Write out, word for word and with no pictures, each line below from the one containing "CommercePlanet hat im" through the one containing "发光二极管,闪动的党徽、党徽", both included, and no other line.

| Provided records |
%%
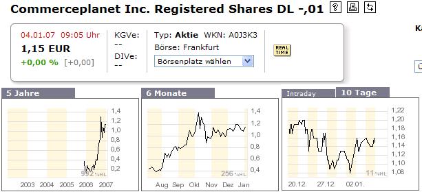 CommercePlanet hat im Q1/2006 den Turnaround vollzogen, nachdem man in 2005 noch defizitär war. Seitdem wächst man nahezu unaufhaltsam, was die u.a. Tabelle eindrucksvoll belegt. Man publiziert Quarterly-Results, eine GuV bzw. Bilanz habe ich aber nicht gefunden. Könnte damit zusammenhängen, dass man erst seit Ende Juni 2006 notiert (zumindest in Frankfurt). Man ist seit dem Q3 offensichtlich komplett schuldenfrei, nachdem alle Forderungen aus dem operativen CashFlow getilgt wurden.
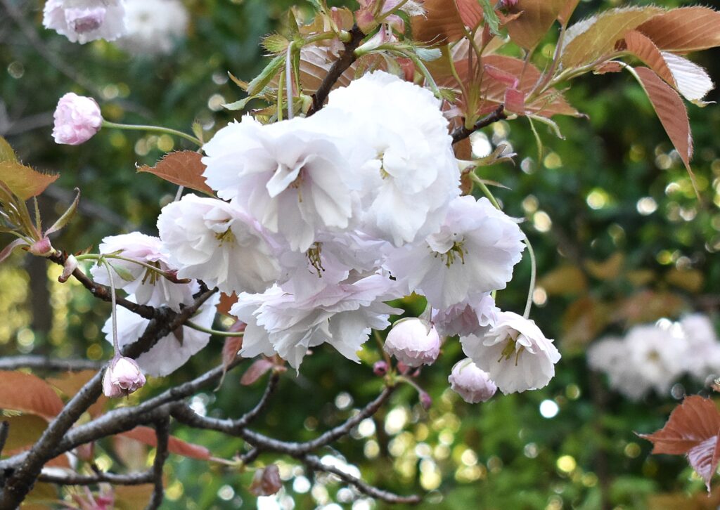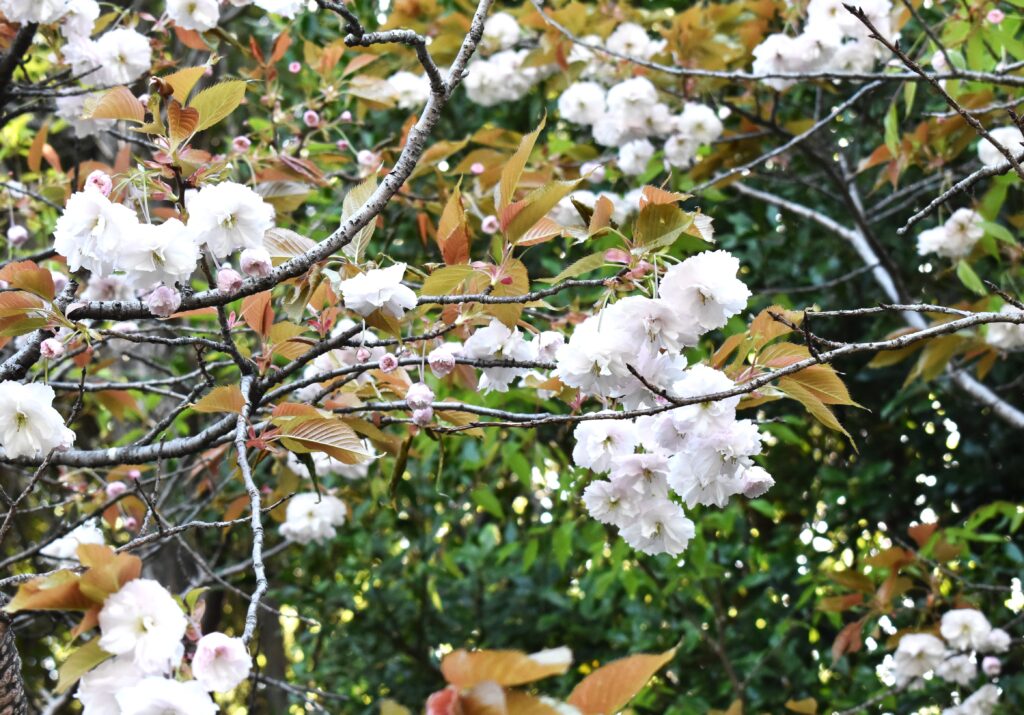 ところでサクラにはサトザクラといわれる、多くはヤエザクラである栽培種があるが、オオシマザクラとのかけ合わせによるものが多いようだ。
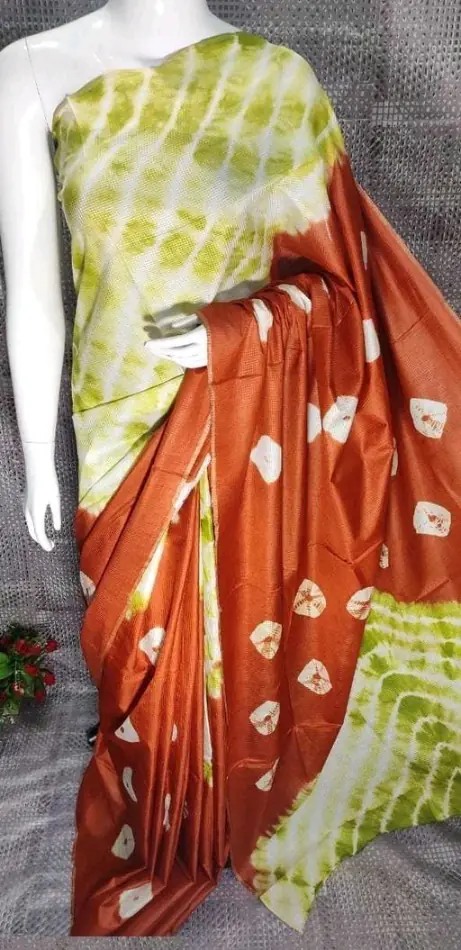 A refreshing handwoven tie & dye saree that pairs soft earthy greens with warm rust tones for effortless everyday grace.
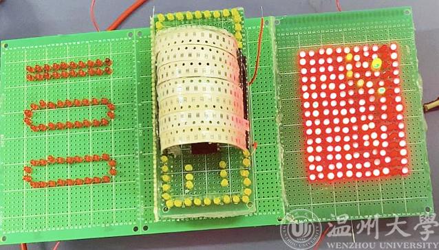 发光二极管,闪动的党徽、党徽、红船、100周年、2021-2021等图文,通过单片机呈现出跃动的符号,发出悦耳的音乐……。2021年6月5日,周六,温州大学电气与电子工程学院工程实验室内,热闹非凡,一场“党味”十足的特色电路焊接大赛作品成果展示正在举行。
%%
%%
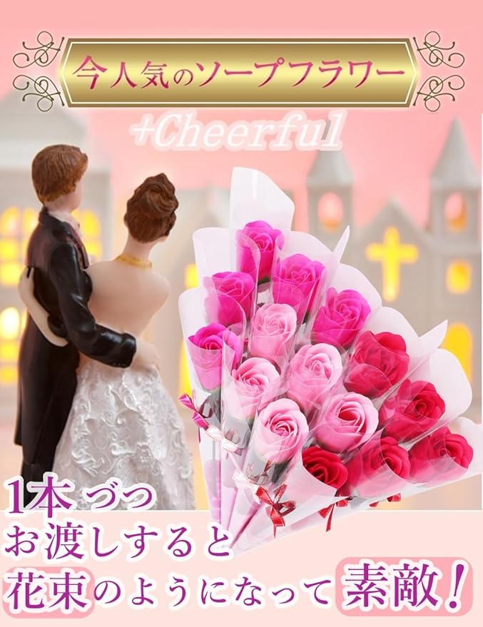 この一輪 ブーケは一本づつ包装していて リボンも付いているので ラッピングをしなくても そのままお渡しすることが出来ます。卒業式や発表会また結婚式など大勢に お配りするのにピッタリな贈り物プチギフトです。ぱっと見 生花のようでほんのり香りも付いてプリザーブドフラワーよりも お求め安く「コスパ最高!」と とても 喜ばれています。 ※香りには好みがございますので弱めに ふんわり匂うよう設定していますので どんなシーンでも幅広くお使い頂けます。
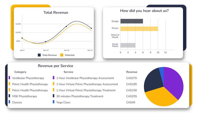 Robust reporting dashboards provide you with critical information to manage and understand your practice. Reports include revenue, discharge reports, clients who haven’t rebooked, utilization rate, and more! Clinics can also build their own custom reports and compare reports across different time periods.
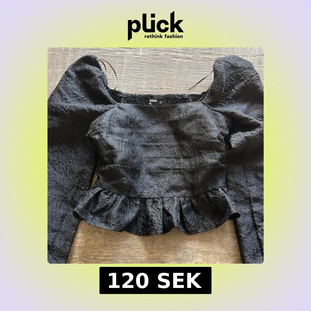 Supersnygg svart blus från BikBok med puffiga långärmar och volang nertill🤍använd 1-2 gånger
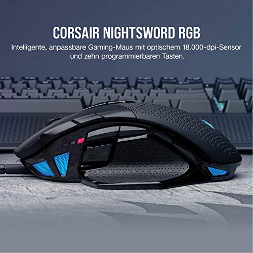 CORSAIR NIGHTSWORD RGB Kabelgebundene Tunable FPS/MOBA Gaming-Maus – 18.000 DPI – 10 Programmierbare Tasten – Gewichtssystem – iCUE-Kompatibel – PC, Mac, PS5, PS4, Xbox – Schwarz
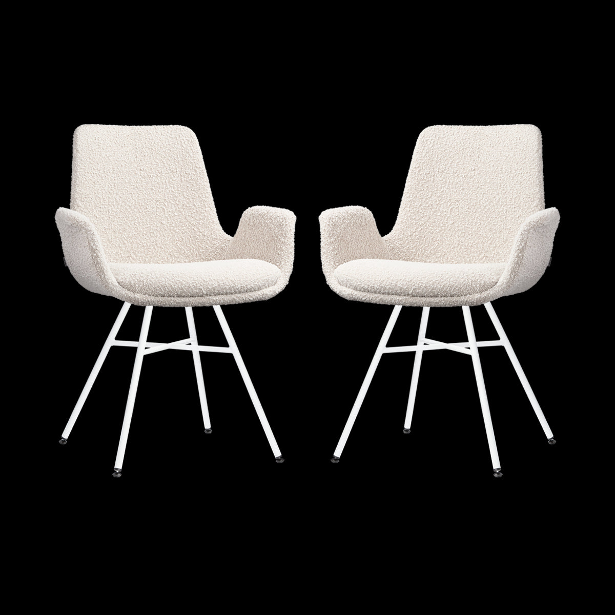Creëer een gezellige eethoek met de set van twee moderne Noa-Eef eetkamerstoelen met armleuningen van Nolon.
%%
| Worked solution |
 CommercePlanet hat im Q1/2006 den Turnaround vollzogen, nachdem man in 2005 noch defizitär war. Seitdem wächst man nahezu unaufhaltsam, was die u.a. Tabelle eindrucksvoll belegt. Man publiziert Quarterly-Results, eine GuV bzw. Bilanz habe ich aber nicht gefunden. Könnte damit zusammenhängen, dass man erst seit Ende Juni 2006 notiert (zumindest in Frankfurt). Man ist seit dem Q3 offensichtlich komplett schuldenfrei, nachdem alle Forderungen aus dem operativen CashFlow getilgt wurden.
 ところでサクラにはサトザクラといわれる、多くはヤエザクラである栽培種があるが、オオシマザクラとのかけ合わせによるものが多いようだ。
 A refreshing handwoven tie & dye saree that pairs soft earthy greens with warm rust tones for effortless everyday grace.
 发光二极管,闪动的党徽、党徽、红船、100周年、2021-2021等图文,通过单片机呈现出跃动的符号,发出悦耳的音乐……。2021年6月5日,周六,温州大学电气与电子工程学院工程实验室内,热闹非凡,一场“党味”十足的特色电路焊接大赛作品成果展示正在举行。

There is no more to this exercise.